## INPUT RECORDS
────────────────────────────────────────

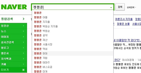 문제는 자동으로 노출되는 연관 검색어 대부분이 '부정적인 단어'들이라는 점. 예를 들어 정몽준 후보의 이름을 치면, 얼마 전 곤욕을 치른 '아들'과 관련된 단어들이 검색어 목록에 나오는 것을 볼 수 있다. '아들' '막내' '미개' '버스요금' 등, 정 후보에겐 부담스러울 수밖에 없는 단어들이 자동적으로 노출되고 있다.
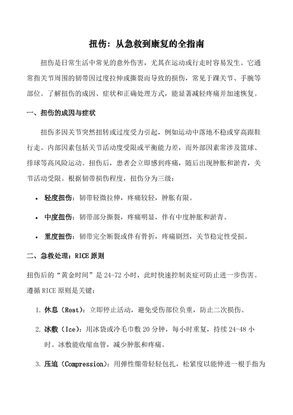 扭伤:从急救到康复的全指南
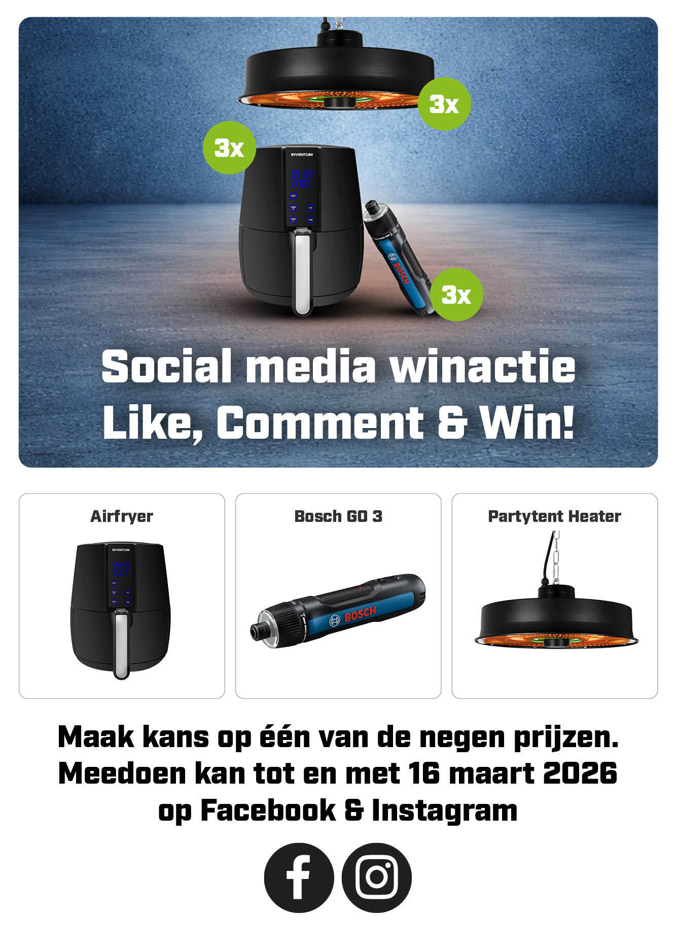 ⚡ Win een Bosch Go, Airfryer of Partytent Heater!
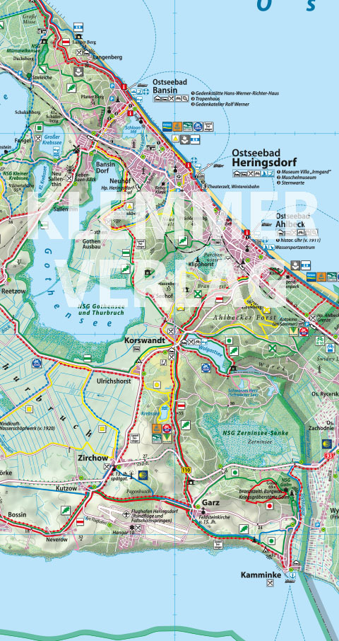 Die Insel Usedom bietet reichlich Strand und ein reizvolles Hinterland. Strahlende Seebäder, verträumte romantische Dörfer, Wiesen und Wald laden zum Besuch ein. Unsere Karte bildet die gesamte Insel einschließlich Misdroy ab und gibt ausgewählte Erlebnistipps...
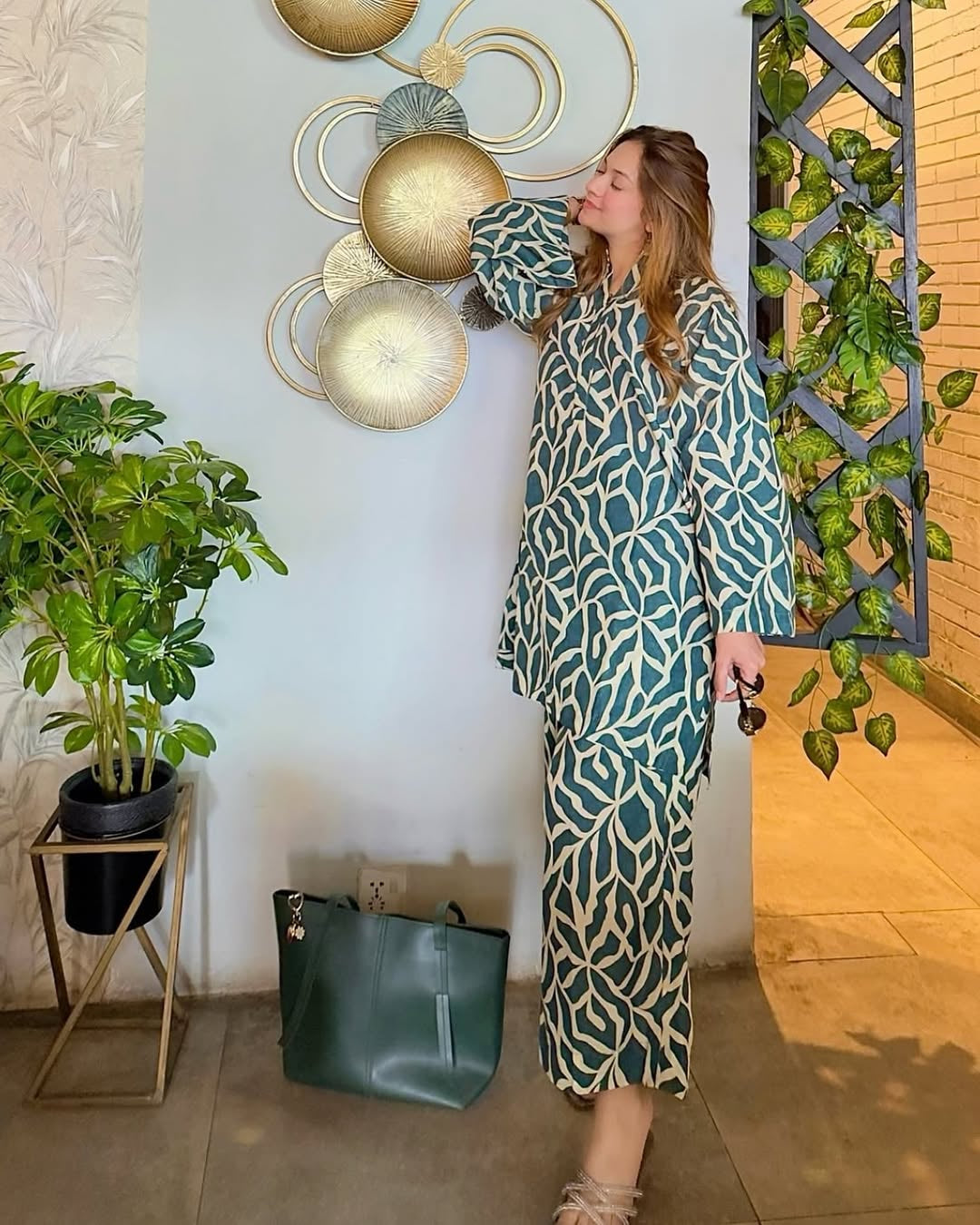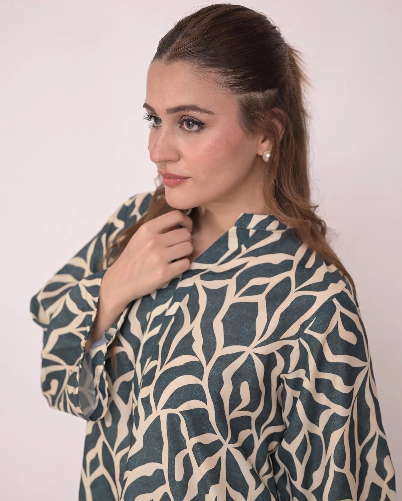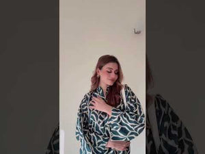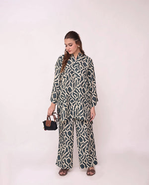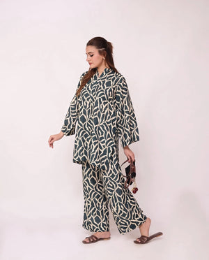 A statement cord set featuring a printed short-length shirt with a sleek collar, paired with matching wide-leg trousers. The bold abstract foliage print adds depth and flair, making it a go-to look for effortless, elevated everyday style.

────────────────────────────────────────

## HOW TO COMPLETE THIS TASK
All that belongs in the answer is the lines from the line with "of Partytent Heater!" through the closing line of the entries, inclusive, transcribed exactly and free of pictures.

## WRITTEN ANSWER
 ⚡ Win een Bosch Go, Airfryer of Partytent Heater!
 Die Insel Usedom bietet reichlich Strand und ein reizvolles Hinterland. Strahlende Seebäder, verträumte romantische Dörfer, Wiesen und Wald laden zum Besuch ein. Unsere Karte bildet die gesamte Insel einschließlich Misdroy ab und gibt ausgewählte Erlebnistipps...
 A statement cord set featuring a printed short-length shirt with a sleek collar, paired with matching wide-leg trousers. The bold abstract foliage print adds depth and flair, making it a go-to look for effortless, elevated everyday style.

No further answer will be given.